# Task objective
From the line with "北京时间11月9日,英格兰足" to the line with "Clifton, New Mexico.", retype each line exactly as it stands in the records below, but skip the pictures.

# Given data
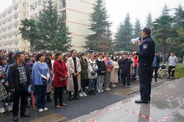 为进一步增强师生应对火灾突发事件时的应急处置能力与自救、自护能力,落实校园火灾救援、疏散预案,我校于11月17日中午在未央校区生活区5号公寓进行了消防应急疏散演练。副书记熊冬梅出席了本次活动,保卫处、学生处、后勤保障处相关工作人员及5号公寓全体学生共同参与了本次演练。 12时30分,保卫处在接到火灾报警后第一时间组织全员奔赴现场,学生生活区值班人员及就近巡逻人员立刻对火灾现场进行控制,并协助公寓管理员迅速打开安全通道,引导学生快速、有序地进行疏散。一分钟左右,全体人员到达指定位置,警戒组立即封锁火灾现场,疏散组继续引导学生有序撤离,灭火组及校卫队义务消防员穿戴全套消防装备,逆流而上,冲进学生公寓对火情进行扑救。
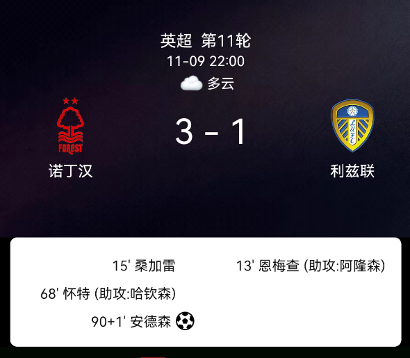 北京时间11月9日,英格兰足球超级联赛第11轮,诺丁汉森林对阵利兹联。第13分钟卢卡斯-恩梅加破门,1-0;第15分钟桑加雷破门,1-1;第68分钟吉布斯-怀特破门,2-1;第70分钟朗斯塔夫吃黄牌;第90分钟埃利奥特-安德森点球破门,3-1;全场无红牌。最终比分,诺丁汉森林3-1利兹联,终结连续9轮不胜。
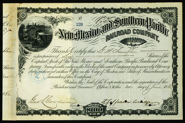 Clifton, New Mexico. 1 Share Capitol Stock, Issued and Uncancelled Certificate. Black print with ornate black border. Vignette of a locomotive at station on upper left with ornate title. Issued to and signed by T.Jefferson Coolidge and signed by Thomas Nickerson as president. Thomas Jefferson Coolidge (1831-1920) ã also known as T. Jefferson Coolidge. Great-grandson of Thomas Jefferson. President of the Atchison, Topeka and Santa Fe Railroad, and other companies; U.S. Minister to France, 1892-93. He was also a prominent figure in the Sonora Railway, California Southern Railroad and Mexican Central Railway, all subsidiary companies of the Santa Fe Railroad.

--

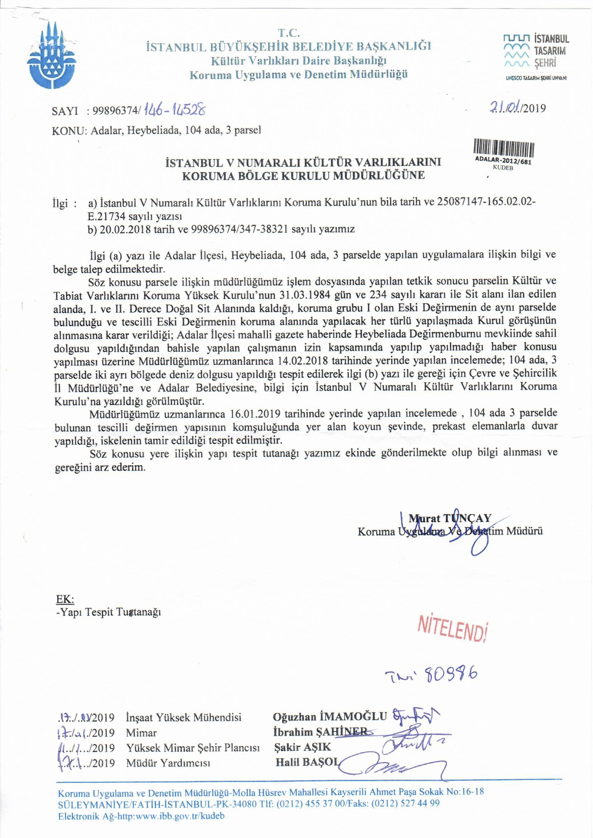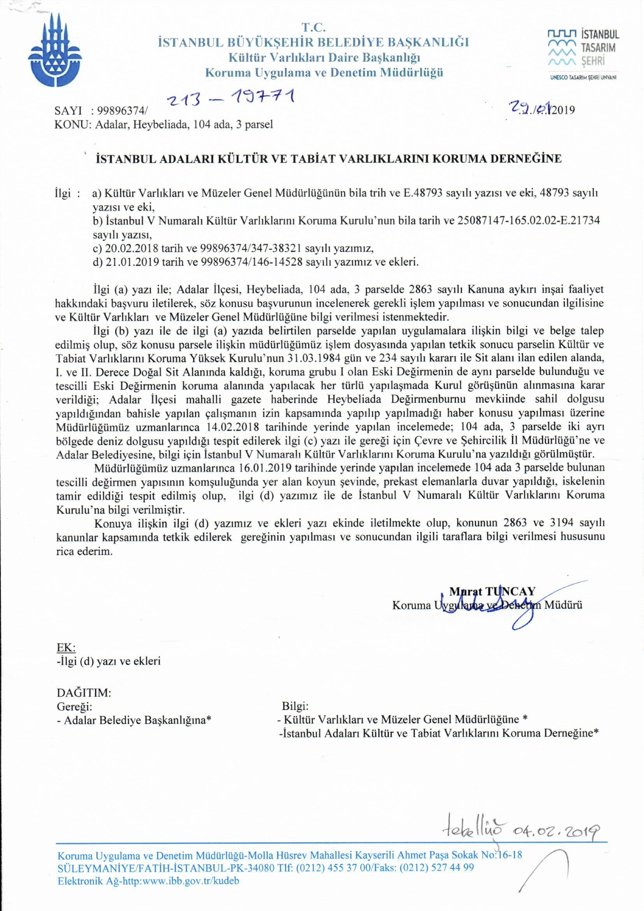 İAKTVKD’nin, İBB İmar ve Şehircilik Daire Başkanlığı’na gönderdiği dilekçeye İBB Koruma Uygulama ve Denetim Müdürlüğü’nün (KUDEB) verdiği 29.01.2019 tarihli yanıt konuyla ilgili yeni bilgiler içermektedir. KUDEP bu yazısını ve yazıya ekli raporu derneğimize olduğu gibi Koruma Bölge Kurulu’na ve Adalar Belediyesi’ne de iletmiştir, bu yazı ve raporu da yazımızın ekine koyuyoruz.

# Result of this exercise
 北京时间11月9日,英格兰足球超级联赛第11轮,诺丁汉森林对阵利兹联。第13分钟卢卡斯-恩梅加破门,1-0;第15分钟桑加雷破门,1-1;第68分钟吉布斯-怀特破门,2-1;第70分钟朗斯塔夫吃黄牌;第90分钟埃利奥特-安德森点球破门,3-1;全场无红牌。最终比分,诺丁汉森林3-1利兹联,终结连续9轮不胜。
 Clifton, New Mexico. 1 Share Capitol Stock, Issued and Uncancelled Certificate. Black print with ornate black border. Vignette of a locomotive at station on upper left with ornate title. Issued to and signed by T.Jefferson Coolidge and signed by Thomas Nickerson as president. Thomas Jefferson Coolidge (1831-1920) ã also known as T. Jefferson Coolidge. Great-grandson of Thomas Jefferson. President of the Atchison, Topeka and Santa Fe Railroad, and other companies; U.S. Minister to France, 1892-93. He was also a prominent figure in the Sonora Railway, California Southern Railroad and Mexican Central Railway, all subsidiary companies of the Santa Fe Railroad.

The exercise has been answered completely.